Existe ainda outro detalhe.
Grande parte da energia parece escapar na forma de radiação ultravioleta extrema. Em outras palavras, não se trata simplesmente de uma fonte fraca que passou despercebida. São objetos muito energéticos, mas que concentram sua emissão em uma região do espectro que é particularmente difícil de observar.
Foi essa combinação incomum que levou os pesquisadores a tratá-los como uma população distinta, chamada de fontes de raios X hipersuaves (hypersoft X-ray sources).
As 84 fontes apareceram em seis galáxias diferentes
Para descobrir se o fenômeno era isolado, Mustafa Muhibullah e Jimmy A. Irwin, da Universidade do Alabama, junto com Rosanne Di Stefano, do Centro de Astrofísica Harvard-Smithsonian, vasculharam arquivos públicos do Chandra.
A busca terminou com 84 fontes distribuídas por seis galáxias relativamente próximas.
Duas delas são espirais: M31, a galáxia de Andrômeda, e M101, conhecida como galáxia do Cata-Vento. As outras quatro são galáxias elípticas.
Essa distribuição é importante porque os objetos não aparecem exclusivamente em um ambiente estelar específico.
Alguns estão localizados em regiões onde novas estrelas estão nascendo. Outros aparecem em ambientes dominados por estrelas muito antigas.

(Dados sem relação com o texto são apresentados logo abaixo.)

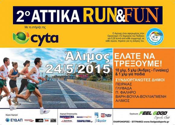 Ο Δήμος Αλίμου και ο Αθλητικός Σύλλογος «Feel Good Sports Club» διοργανώνουν την Κυριακή, 24 Μαΐου 2015 το 2ο ATTIKA RUN & FUN Grand Prix με τη στήριξη της Cyta. Μέρος των εσόδων θα δοθούν στο «Χαμόγελο του Παιδιού».

Isso torna difícil atribuir todas as fontes a um único processo.
Em vez de uma população perfeitamente uniforme, os pesquisadores consideram possível que diferentes tipos de sistemas estejam produzindo sinais muito semelhantes.
E é justamente aí que a descoberta fica ainda mais interessante.
Uma única explicação pode não ser suficiente
Os astrônomos ainda não sabem exatamente o que produz todas essas fontes. Uma das possibilidades envolve anãs brancas absorvendo matéria de estrelas companheiras.
Outras podem ser sistemas que passaram por uma nova ou até sistemas binários envolvendo buracos negros em processo de acreção.
Essa variedade ajudaria a explicar por que objetos com características observacionais parecidas estão espalhados por ambientes galácticos tão diferentes.
Existe ainda uma hipótese particularmente relevante para a cosmologia.
Algumas dessas fontes poderiam estar relacionadas a sistemas que, em determinadas condições, terminariam produzindo supernovas do tipo Ia. Essas explosões são extremamente importantes porque funcionam como ferramentas para medir distâncias cósmicas e tiveram papel fundamental na descoberta da expansão acelerada do universo.
Isso significa que compreender essas fontes hipersuaves pode ter consequências que vão muito além de simplesmente adicionar uma nova categoria ao catálogo de objetos espaciais.
O universo pode estar cheio delas — e nós simplesmente não conseguíamos enxergá-las
Existe uma explicação plausível para essas fontes terem permanecido escondidas durante tanto tempo.
A radiação ultravioleta extrema e os raios X de baixa energia são facilmente absorvidos por gás e poeira interestelar. Isso cria uma espécie de “ponto cego” para os observatórios, dificultando a detecção mesmo quando a fonte é extremamente luminosa.
Por isso, as 84 encontradas podem representar apenas uma pequena amostra de uma população muito maior.
Os pesquisadores também levantam a possibilidade de que essa classe de objetos tenha um papel importante na ionização do gás das galáxias, devido à quantidade de radiação ultravioleta extrema que produz.
A descoberta, portanto, não é apenas uma coleção de 84 pontos estranhos em imagens do Chandra. Ela pode indicar que existe uma população inteira de sistemas energéticos escondida em uma região do espectro que, durante décadas, foi especialmente difícil de observar.
É justamente por isso que esses objetos parecem tão diferentes: não necessariamente porque sejam completamente desconhecidos pela física, mas porque podem combinar processos já conhecidos de uma maneira que nossos levantamentos anteriores não conseguiam enxergar.
Os resultados foram publicados em 9 de setembro de 2026 na revista Nature Astronomy.